Transcriber's Note About the Author: Francis Ellen Watkins Harper (1825 1911) was born to free parents in Baltimore, Maryland. Orphaned at three, she was raised by her uncle, a teacher and radical advocate for civil rights. She attended the Academy for Negro Youth and was educated as a teacher. She became a professional lecturer, activist, suffragette, poet, essayist, novelist, and the author of the first published short story written by an African American. Her work spanned more than sixty years.


A Rediscovered Novel by

Frances E.W. Harper

Edited by Frances Smith Foster

Chapter I

"Oh, that child! She is the very torment of my life. I have been the mother of six children, and all of them put together, never gave me as much trouble as that girl. I don't know what will ever become of her."

"What is the matter now, Aunt Susan? What has Annette been doing?"

"Doing! She is always doing something; everlastingly getting herself into trouble with some of the neighbors. She is the most mischievous and hard headed child I ever saw."

"Well what has she been doing this morning which has so upset you?"

"Why, I sent her to the grocery to have the oil can filled, and after she came back she had not been in the house five minutes before there came such an uproar from Mrs.
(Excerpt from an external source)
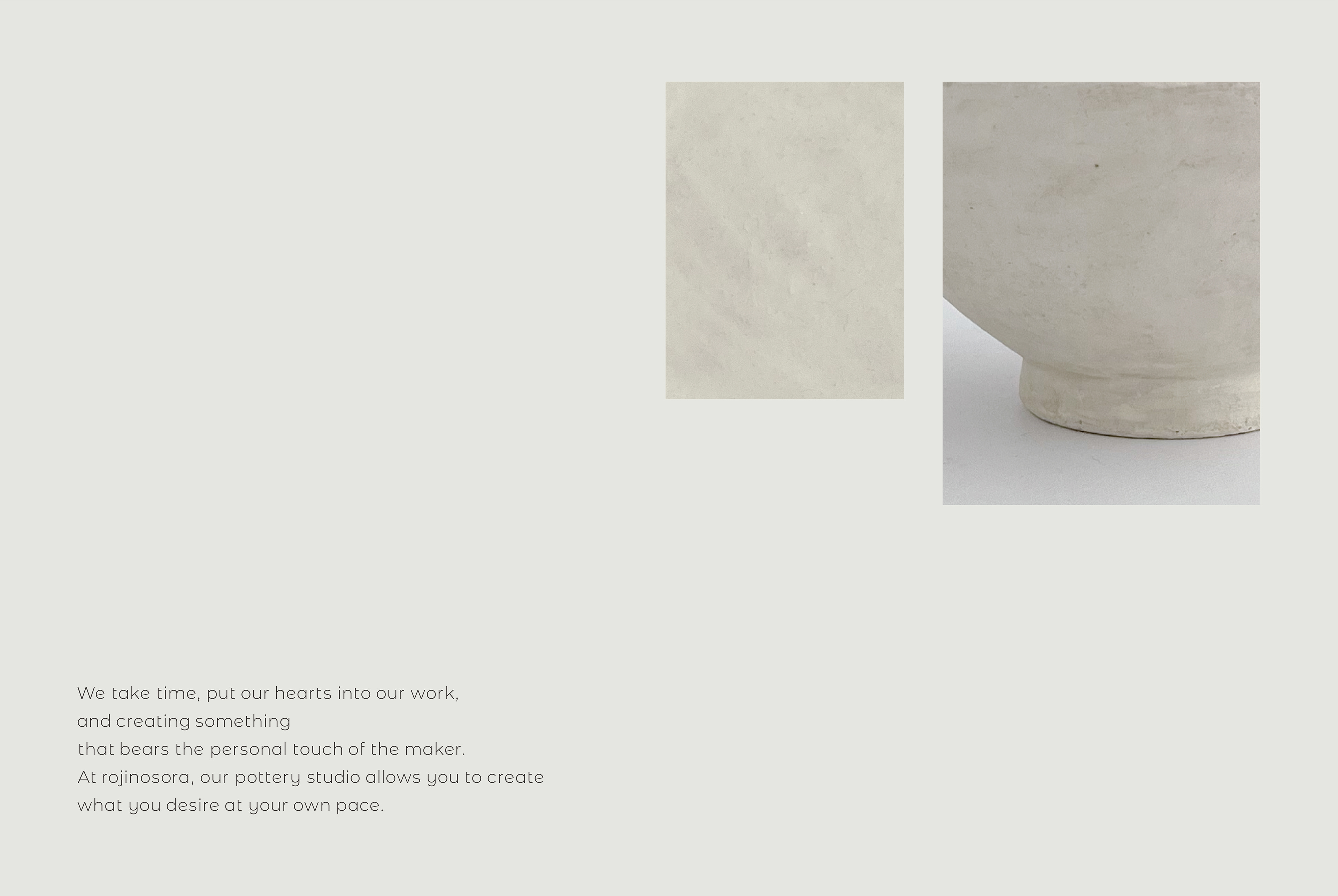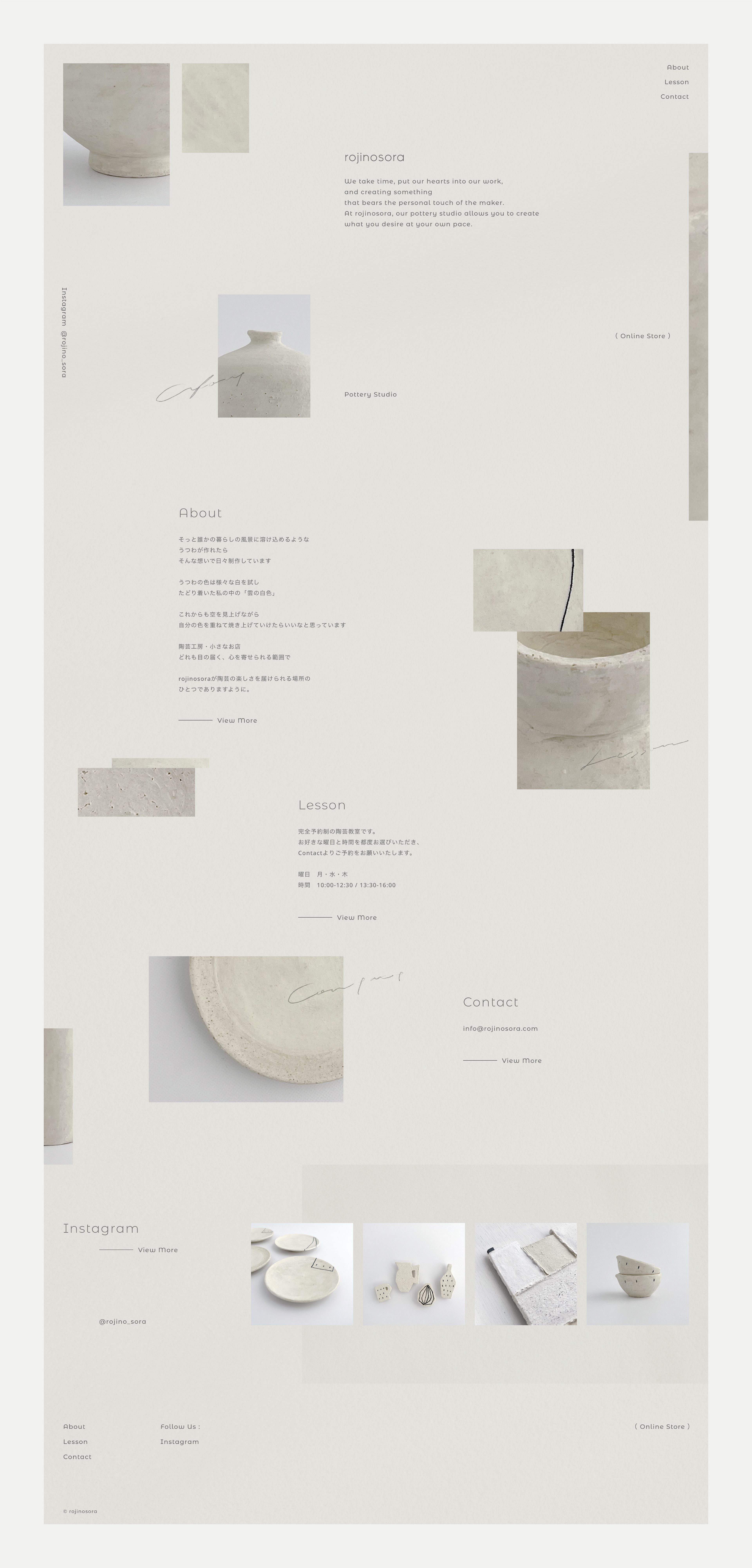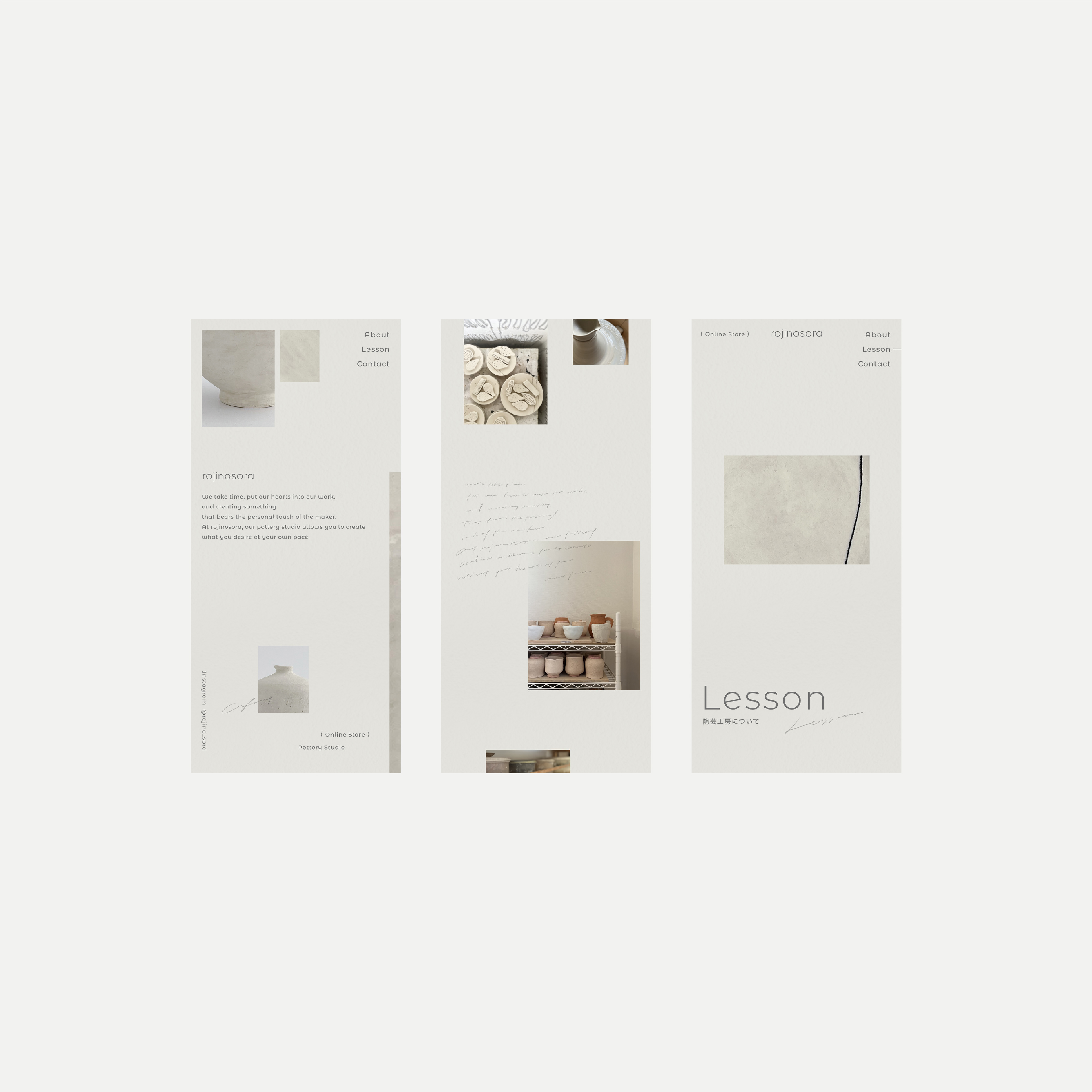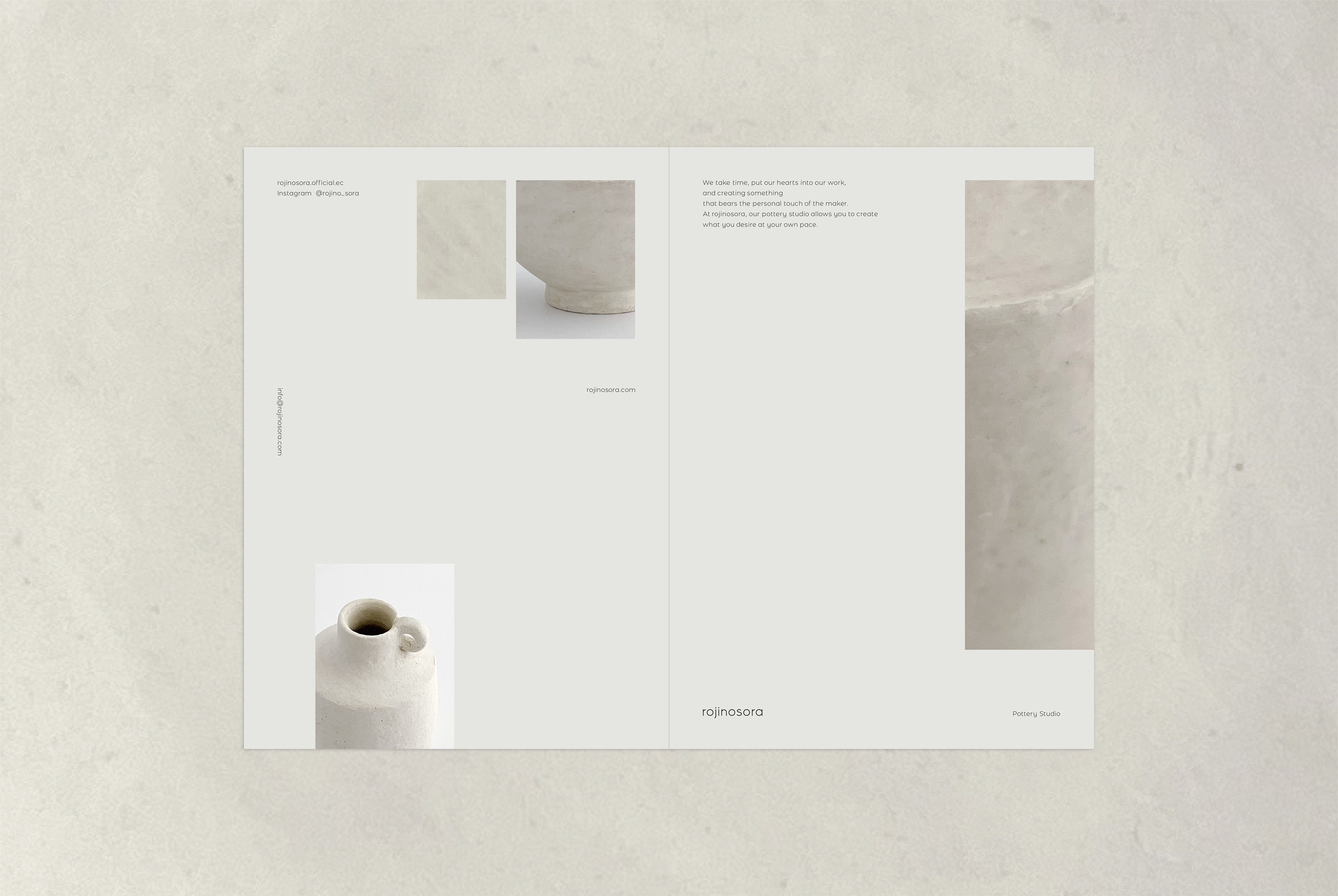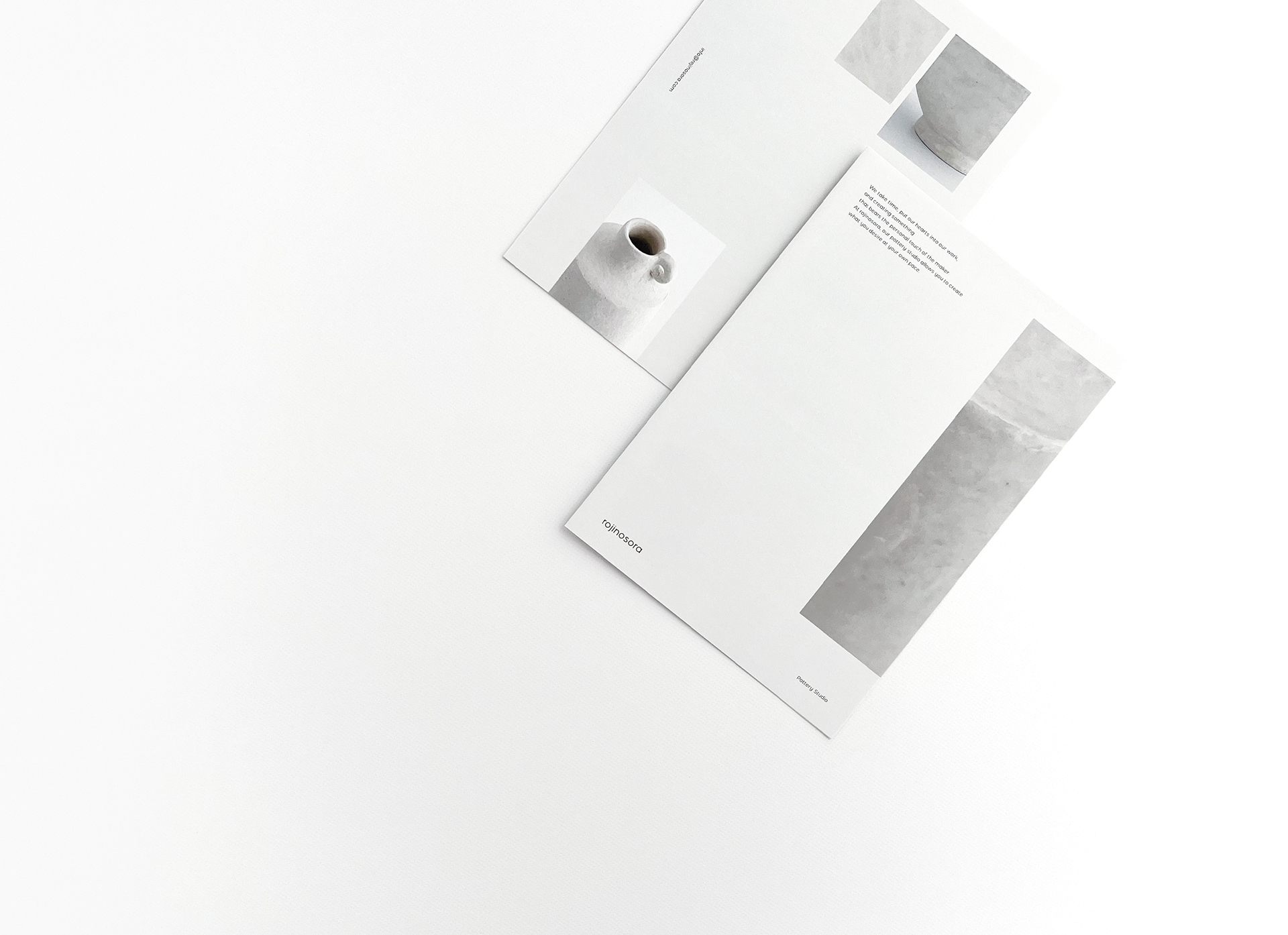 陶芸工房・小さなお店「rojinosora(ロジノソラ)」のブランディング。ロゴ、名刺、ショップカード、パンフレット、看板、ビジュアルディレクション、撮影、Webサイトなどのデザインを担当いたしました。

Larkins', my next door neighbor, that I thought her house was on fire, but "

"Instead of that her tongue was on fire, and I know what that means."

"Yes, that's just it, and I don't wonder. That little minx sitting up there in the corner looking so innocent, stopped to pour oil on her clean steps. Now you know yourself what an aggravating thing that must have been."

"Yes, it must have been, especially as Mrs. Larkins is such a nice housekeeper and takes such pride in having everything neat and nice about her. How did you fix up matters with her."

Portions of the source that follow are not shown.